Saturday, June 25, 2011

U.S. Stocks Fall as Oracle Drives Technology Slump, Italian Banks Retreat

U.S. stocks retreated, sending the Standard & Poor’s 500 Index lower for a third straight day, as concern about the European debt crisis intensified and Oracle Corp. (ORCL) dragged down technology shares.

Technology companies in the S&P 500 dropped 1.8 percent as a group. Oracle, the largest maker of database software, sank 4.1 percent after reporting lower hardware sales. Micron Technology Inc. (MU) tumbled 14 percent as the maker of computer- memory chips reported sales and profit that missed estimates. Bank of America Corp. (BAC) and JPMorgan Chase & Co. (JPM) slumped at least 1.4 percent, following losses in European lenders.

The S&P 500 fell 1.2 percent to 1,268.45 at 4 p.m. in New York, extending its drop in June to 5.7 percent. The Dow Jones Industrial Average declined 115.42 points, or 1 percent, to 11,934.58 today. More than 10.1 billion shares changed hands on U.S. exchanges as of 5 p.m., the highest since March, as investors bought and sold shares to match Russell Investments’ annual changes to its equity indexes. Russell says about $3.9 trillion is benchmarked to its global stock-market measures.

“The market has been in a correction mode for the month of June,” said Timothy Ghriskey, chief investment officer at the Solaris Group LLC in Bedford Hills, New York, which manages $2 billion. “The focus really has been on the European debt crisis, on Greece and on the potential for contagion.”
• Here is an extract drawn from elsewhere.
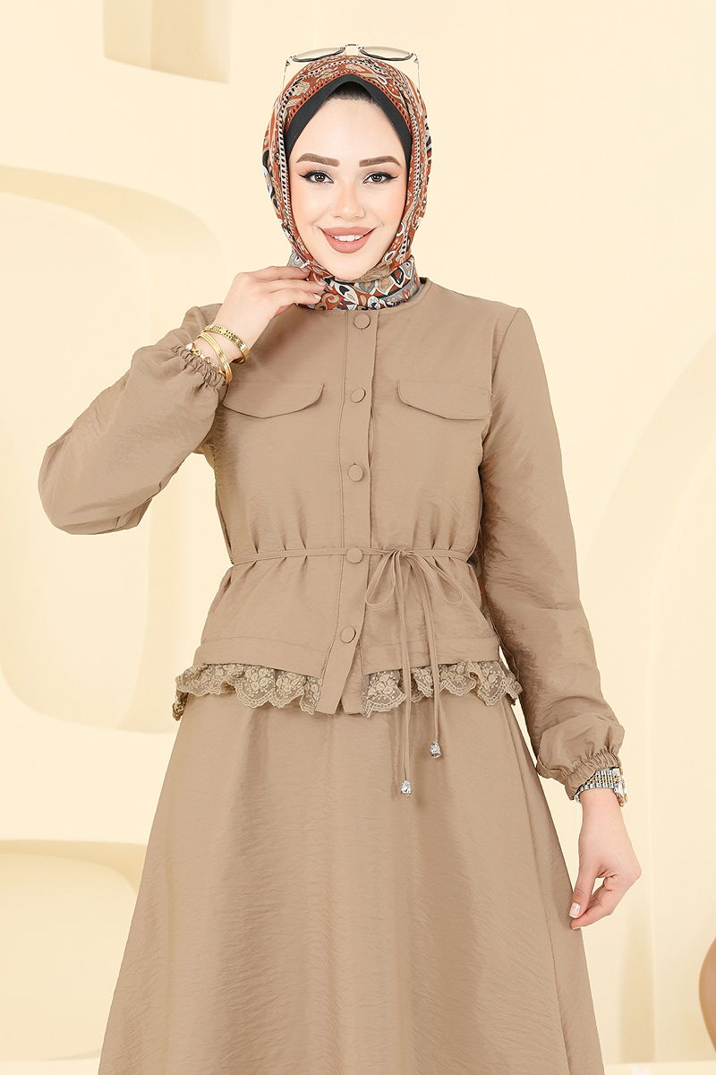 المنتج لديه ياقة دائرية. المنتج به أزرار من الأمام. غير مبطنة. التفاصيل المخرمة مخيطة. الحزام متضمن، ،يمكن استخدامها حسب الرغبة البلوزة غير متضمنة. صُنعت عينة من المجموعة مع البلوزة لإظهار الاستخدام المقصود للمنتج. تفاصيل الجيب من الملحقات. .خصر التنورة مرن السوار مطاطي. قد يكون هناك اختلاف في الدرجة اللونية في المنتج بسبب التقاط الصور الفوتوغرافية.

The S&P 500 has retreated 7 percent from this year’s high at the end of April amid weaker-than-estimated economic data and concern about Europe’s debt crisis. The index is still up 0.9 percent in 2011 on government stimulus measures and better-than- expected earnings.

Moody’s Warning
Stocks fell as banks dragged on Europe’s benchmark index after Moody’s Investors Service said it may downgrade 13 Italian lenders because they would be vulnerable to a cut in the government’s credit rating. The euro dropped a third day and bond yields rose in Spain and Italy. Declines in the financial and technology companies overshadowed faster-than-forecast growth in U.S. durable-goods orders and European leaders’ pledge to support Greece if the nation approves austerity measures.
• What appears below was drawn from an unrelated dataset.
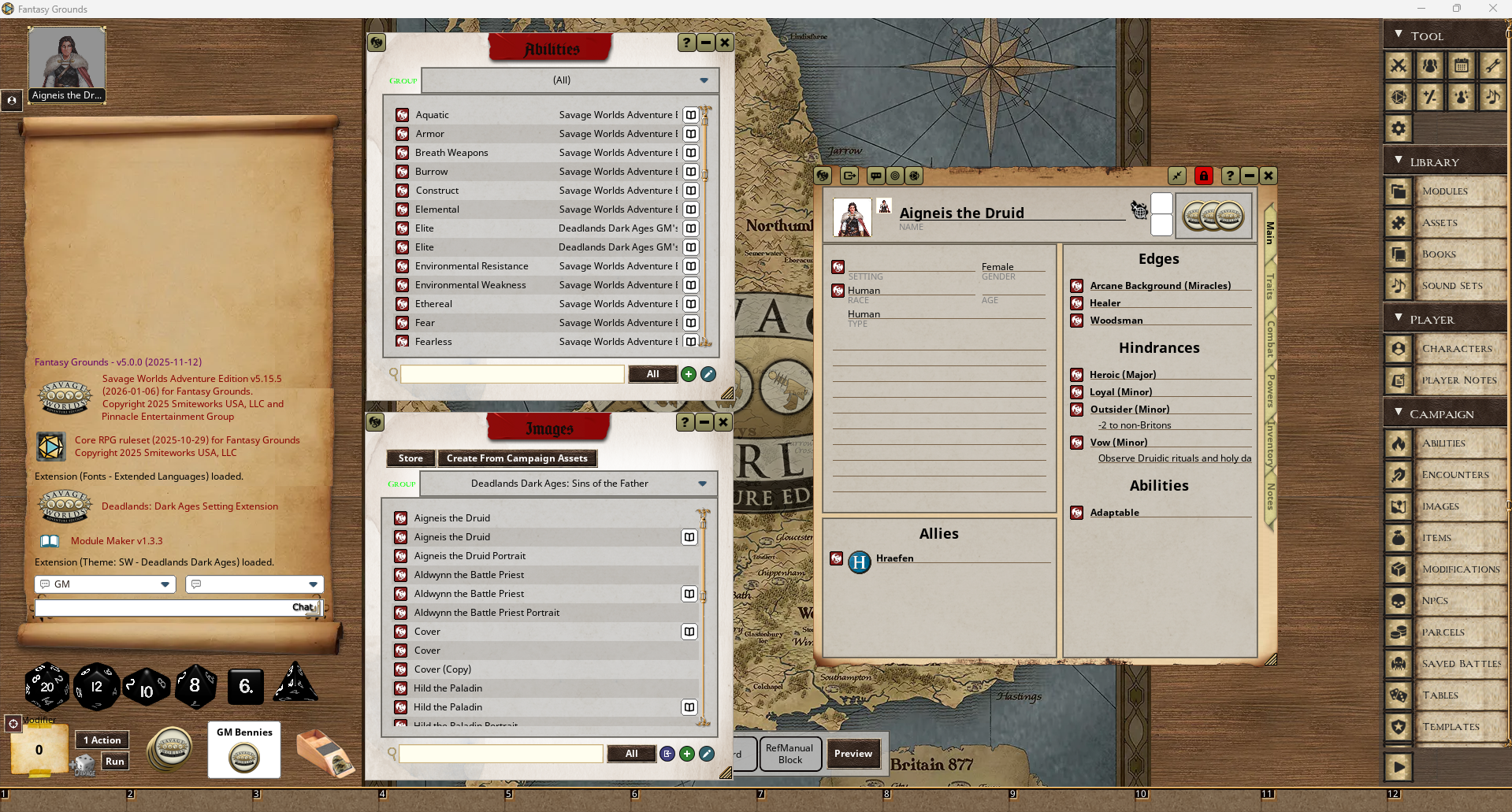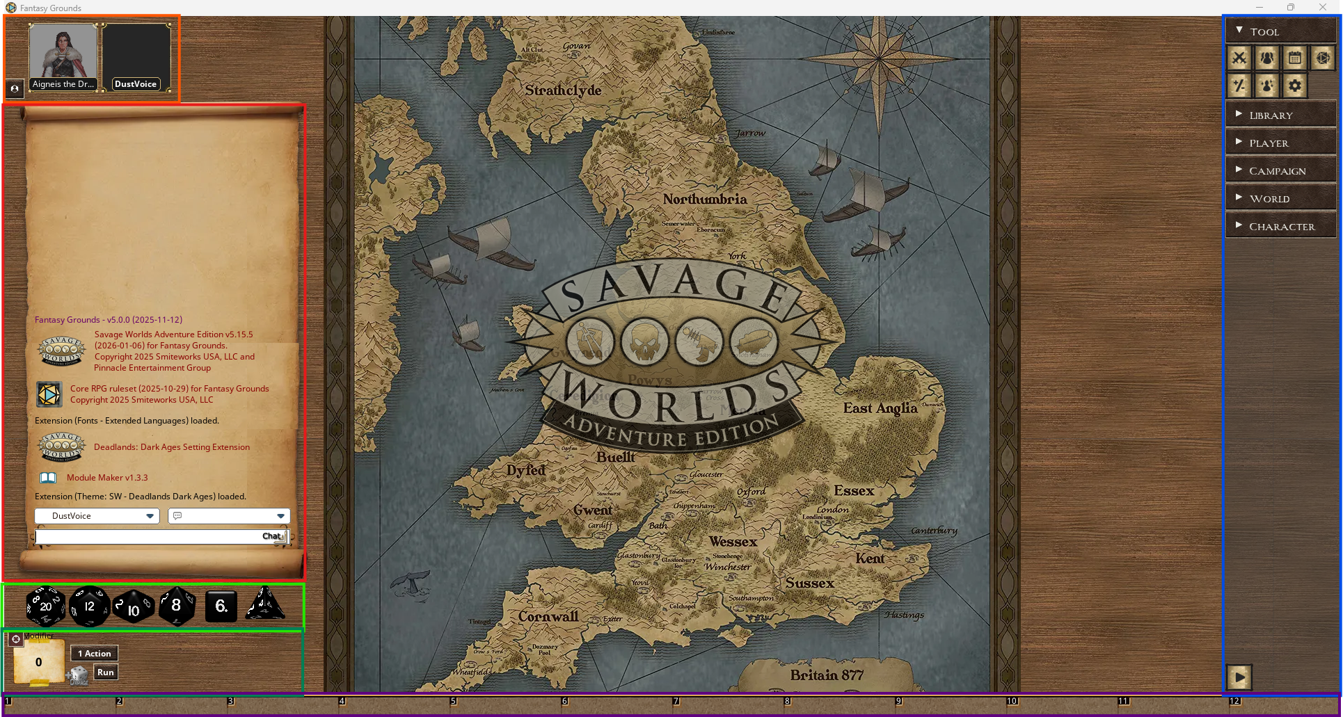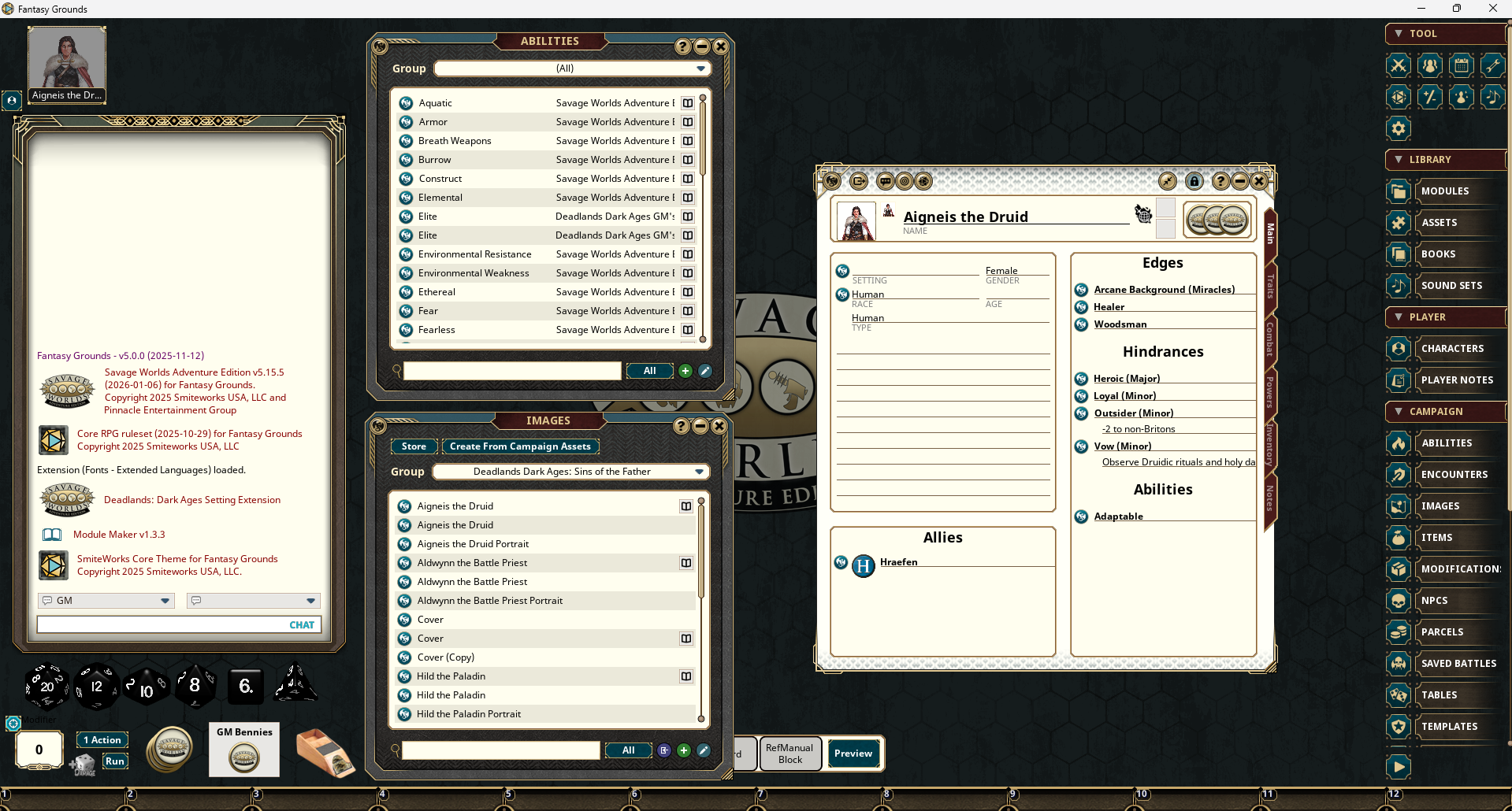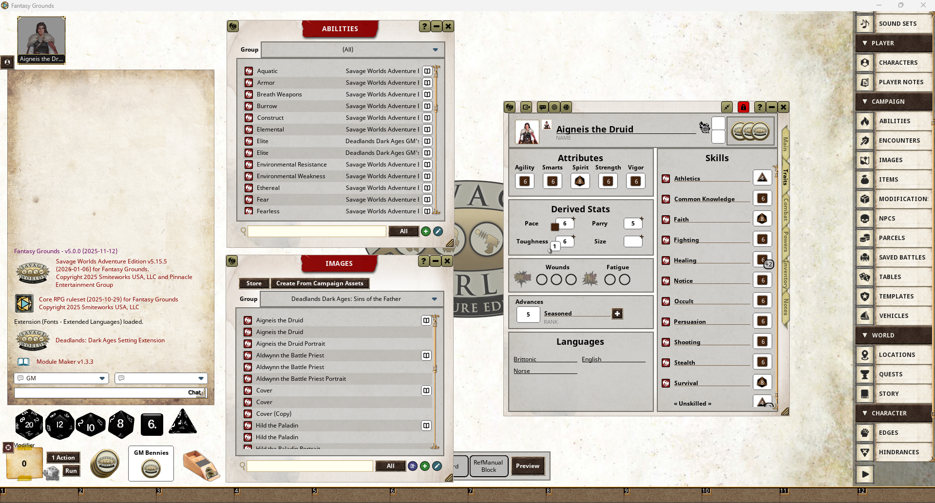The culprit is that albeit the following sections detailing the different aspects of a SWADE campaign, you can’t test this out yourself without owning the Savage Worlds (Adventure Edition) ruleset for FG, which (in contrast to the D&D 5e ruleset) is not included with FG and needs to be purchased seperately for around ten bucks.

Equity futures rose earlier after the Commerce Department said orders for durable goods, or equipment meant to last at least three years, rose 1.9 percent, beating the median economist forecast of 1.5 percent. Demand for non-military capital equipment also beat expectations after revised April readings showed a smaller decline than previously reported.

‘Temporary Soft Spot’
“We’re getting indications that this is only a temporary soft spot for the economy,” said Burt White, who helps oversee $284 billion as chief investment officer at LPL Financial Corp. in Boston. “I do see a better economic picture in the back half of this year.”

A gauge of technology companies in the S&P 500 dropped 1.8 percent as 70 of its 74 stocks retreated.

Oracle slumped 4.1 percent to $31.14. Chief Executive Officer Larry Ellison bought Sun Microsystems Inc. last year to capitalize on demand for the servers and databases used in data centers. While the hardware results may reflect Oracle’s effort to pare less-profitable machines from the lineup, they were disappointing enough to overshadow better-than-predicted performance in profit and sales of new software licenses.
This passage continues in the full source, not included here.